The algorithm starts by visiting an arbitrary point p and retriving its Eps-neighborhood and if the number of points belonging to it are larger than MinPts, a new cluster is started, otherwise the point will be labeled as noise. The process of retriving the Eps-neighborhood is done for every point belonging to the original one until all density-connected points from p are found, this will define the first cluster. This is done for all the remaining unvisited points and this will result in finding a new cluster or labeling a point as noise.

b)

According to the authors we have three main advantages:

  1. Minimal requirements of domain knowledge to determine the input parameters:

We have to provide just one parameter (Eps) to make the algorithm work and this step is also supported. For partitioing algorithms like kmeans we have to provide the number of clusters k and most of the times we don't have enough information to make a correct decision about it. Also for hierarchical algorithms we have problems identifying the parameters for a termination codition that separetes the natural clusters and doesn't split them in two parts

  1. Discovery of clusters with arbitrary shape:

the shape of all clusters found by a partitioning algorithms is convex, for hierarchical ones this problem is connected with the derivation of the correct parameters for a termination condition.

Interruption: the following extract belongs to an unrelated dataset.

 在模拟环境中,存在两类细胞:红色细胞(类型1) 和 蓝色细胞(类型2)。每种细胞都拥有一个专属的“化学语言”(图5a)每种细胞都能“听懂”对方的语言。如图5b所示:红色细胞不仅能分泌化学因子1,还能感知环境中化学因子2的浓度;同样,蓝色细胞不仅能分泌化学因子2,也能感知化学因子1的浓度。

  1. Good efficiency on large databases:

The above mentioned problems can be solved for partitioning and hierarchical algorithms by some upgrated versions of the standard ones like CLARANS and Ejcluster, but DBSCAN offers a less computationally demanding solution. In the paper it is shown that DBSCAN outperforms CLARANS by a factor of between 250 and 1900 which grows with increasing size of the database.

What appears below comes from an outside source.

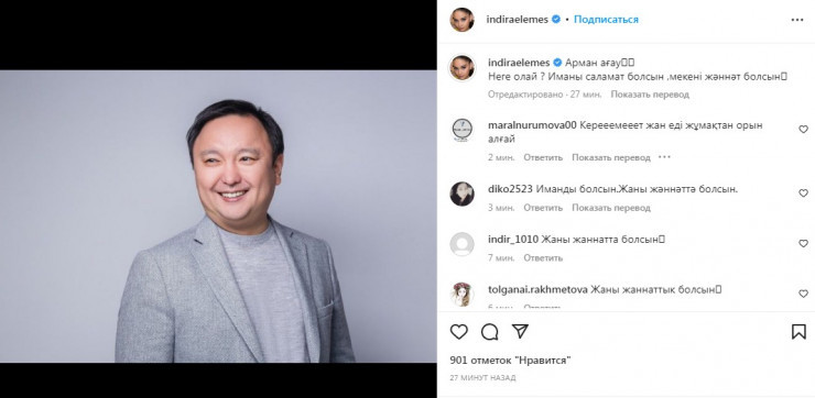 "Арман ағау. Неге олай? Иманы саламат болсын, мекені жәннәт болсын!" - деп жазды әнші Индира Елемес Желіде.

The authors' arguments seem very convincing on the datasets that are presented on the paper considerig the above advantages, but it may have some problems when for example the clusters are not well separated; in this case maybe it would consider them as one so other partitioning or hierarchical algorithms can be preferable.

c)

d=read.table("bundestag.dat.txt",header = T,sep="")
data=d[,1:5]

kNNdistplot(data, k = 5)
abline(h=.06, col = "red", lty=2)

plot of chunk unnamed-chunk-6

In order to make DBSCAN work we have to decide the value of Eps and MinPts. Usually a rule of thumb is to set MinPts equal to the number of variables in our dataset plus onem, so in our case MinPts=5. One tool to define Eps is the kNNdistplot, where in the y-axis we have the distances from a point to its fifth nearest neighbour and on the x-axis the points ordered according to the cited distances in increasing order. The idea is that points inside a cluster will a have small value of the k-nearest neighbor distance because they are close to other points in the same cluster, while noise points are isolated and will have a rather large kNN distance. So we have to find an elbow on the curve and points after that threshold will be regarded as noise. In this case we consider Eps=0.06.

res <- dbscan(data, eps = 0.06, minPts = 5)
pairs(data,cex=0.3,col=res$cluster)

plot of chunk unnamed-chunk-7

pairs(data,cex=0.3,col=d$ewb)

plot of chunk unnamed-chunk-7

adjustedRandIndex(res$cluster,d$ewb)
## [1] 0.8660779

As we can see (except for the different indexing of the clusters that rsults in different colours in the two graphs) the clusters produced by DBSCAN seem to match pretty well the macro-areas both from the graphical point of view and ARI.